### WHAT YOU HAVE TO DO
Type out each entry exactly as it appears, but keep every image out.

[Data items]
************
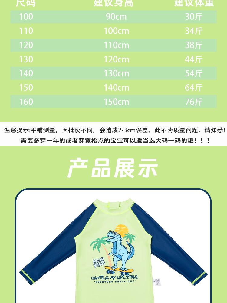 소년 스플릿 수영복 세트 공룡 프린트 긴 소매 중형 및 대형 어린이 속건성 서핑 온천 해변 수영 장비스토어 가기
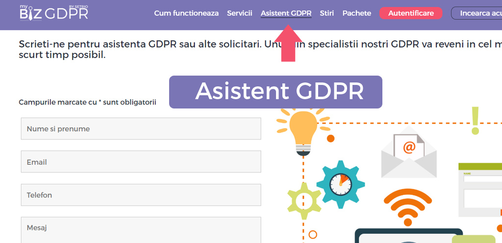 Prin accesul la platforma puteti accesa suportul unui specialist GDPR care sa va ghideze sau sa va consilieze in cazul unui control al ANSPDCP.
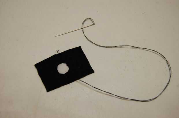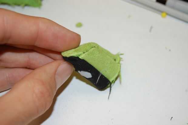 Empezar por coser el parche de nylon blanco sobre la "Palma" de la mano. Utilice la misma puntada de apliques como en la cara. Puede que necesite hacer esto a mano.
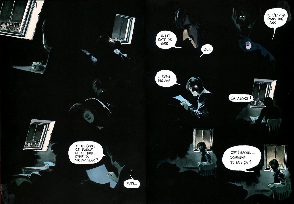 Elle est non seulement capable de voir le passé et le présent, mais également l’avenir. Elle voit le poème que Victor Hugo n’écrira que dix ans plus tard et cela stupéfie Page, son alter ego, son ami et confident, son double qui scrupuleusement trace le fil de la vie de celle qu’il nomme sa muse dans un carnet qui ne le quitte pas.
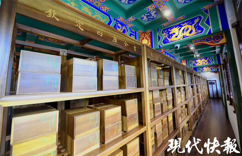 在扬州文汇阁,历时12年复制完成的《四库全书》在记者们的眼前铺陈开来。据了解,文汇阁曾毁于战火,今年4月复建完成并正式开放,《四库全书》重新入藏,时隔169年书与阁再次相逢。
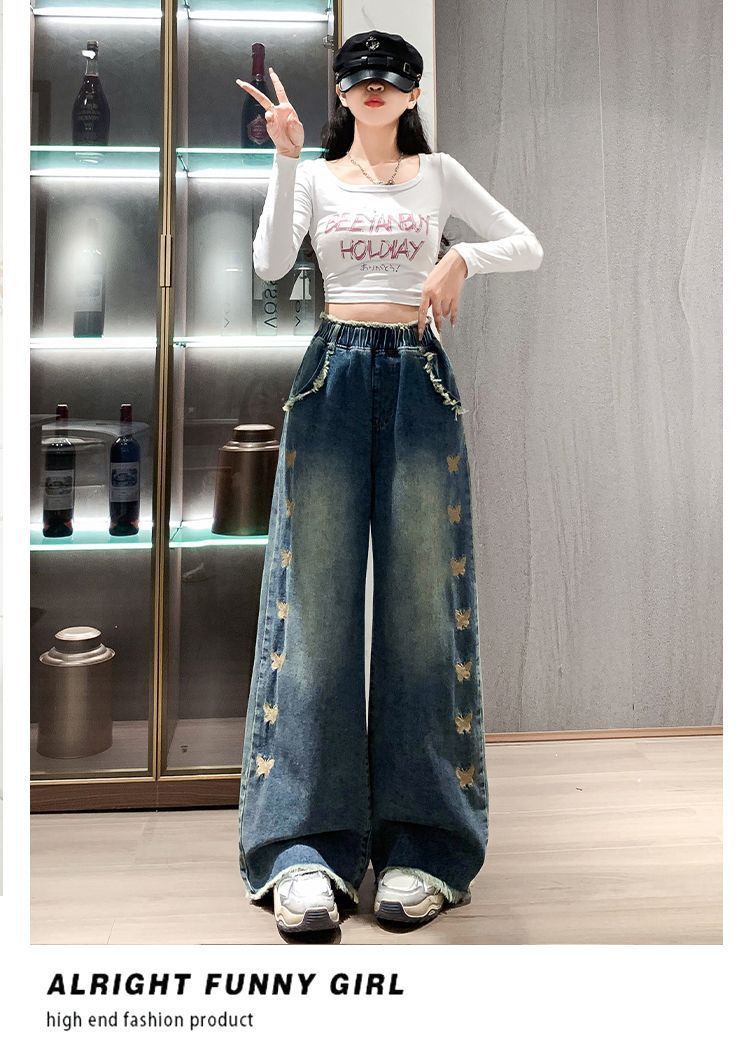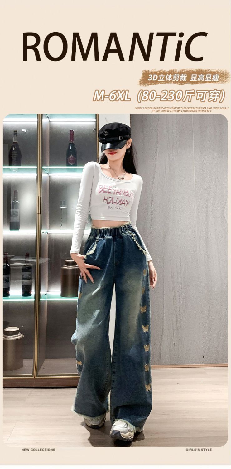 뚱뚱한 mm 플러스 사이즈 청바지 여성용 바닥 길이 스트레이트 와이드 레그 루즈 타이트 하이 웨이스트 슬리밍 봄, 가을 학생 루즈 탄성 바지스토어 가기
************
### EXERCISE RESULT
 소년 스플릿 수영복 세트 공룡 프린트 긴 소매 중형 및 대형 어린이 속건성 서핑 온천 해변 수영 장비스토어 가기
 Prin accesul la platforma puteti accesa suportul unui specialist GDPR care sa va ghideze sau sa va consilieze in cazul unui control al ANSPDCP.
 Empezar por coser el parche de nylon blanco sobre la "Palma" de la mano. Utilice la misma puntada de apliques como en la cara. Puede que necesite hacer esto a mano.
 Elle est non seulement capable de voir le passé et le présent, mais également l’avenir. Elle voit le poème que Victor Hugo n’écrira que dix ans plus tard et cela stupéfie Page, son alter ego, son ami et confident, son double qui scrupuleusement trace le fil de la vie de celle qu’il nomme sa muse dans un carnet qui ne le quitte pas.
 在扬州文汇阁,历时12年复制完成的《四库全书》在记者们的眼前铺陈开来。据了解,文汇阁曾毁于战火,今年4月复建完成并正式开放,《四库全书》重新入藏,时隔169年书与阁再次相逢。
 뚱뚱한 mm 플러스 사이즈 청바지 여성용 바닥 길이 스트레이트 와이드 레그 루즈 타이트 하이 웨이스트 슬리밍 봄, 가을 학생 루즈 탄성 바지스토어 가기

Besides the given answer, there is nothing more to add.